A billion dollars was once worth a lot, but there is now a long list of multibillionaires. The US government recently stimulated the world economy by loaning several trillion dollars to banks. It is difficult to grasp how much a trillion dollars ($10^12) represents, but several clever videos on YouTube (key words: trillion dollars) illustrate this with physical comparisons (a giant pile of $100 bills) and what you can buy with it (10 years of US response to 9/11). When you start thinking about the world economy, the trillions of dollars add up. A trillion here, a trillion there, pretty soon your talking about real money. But so far there aren't any trillionaires.

How many synapses are there in the brain? 10^15.
Two neurons can communicate with each other at a synapse, which is the computational unit in the brain. The typical cortical synapse is less than a micron in diameter (10^-6 metres), near the resolution limit of the light microscope. If the economy of the world is a stretch for us to contemplate, thinking about all the synapses in your head is mind boggling.

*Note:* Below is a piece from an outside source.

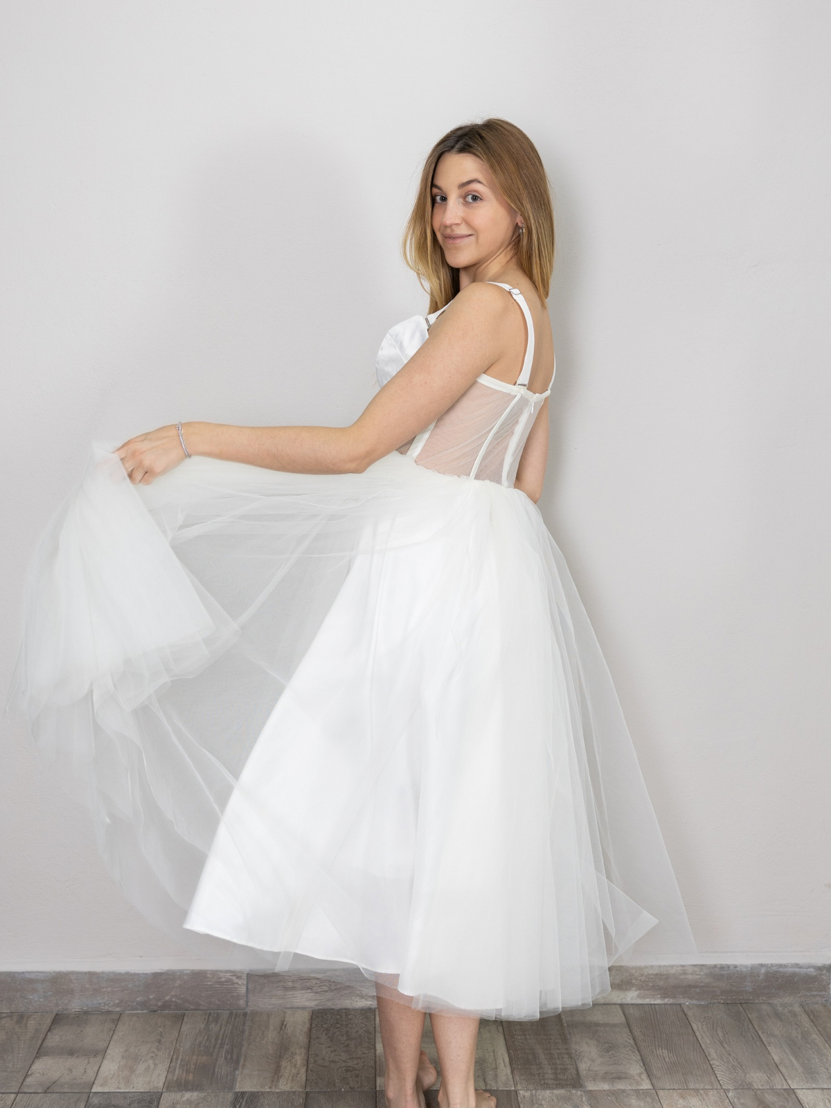 Diseño tipo corset con copas estructuradas y transparencias en tul, que estiliza y aporta un look moderno. La falda es de tul ligero y vaporoso con caída amplia en línea A, creando un efecto romántico y femenino. Perfecto para eventos especiales, civil o como segundo vestido de novia.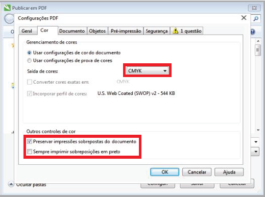 Em seguida selecione na aba "Cor" e faça as alterações conforme ilustrado na imagem abaixo

If I had a dollar for every synapse in your brain I could support the current economy of the world for 10 years. Cortical neurons on average fire once a second, which implies a bandwidth of around 10^15 bits per second, greater than the total bandwidth of the internet backbone.

How many seconds will the sun shine? 10^17 seconds
Our sun has shined for billions of years and will continue to shine for billions more. The universe seems to be standing still during our lifetime, but on longer time scales the universe is filled with events of enormous violence. The spatial scales are also immense. Our space-time trajectory is a very tiny part of the universe, but we can at least attach powers of 10 to it and put it into perspective.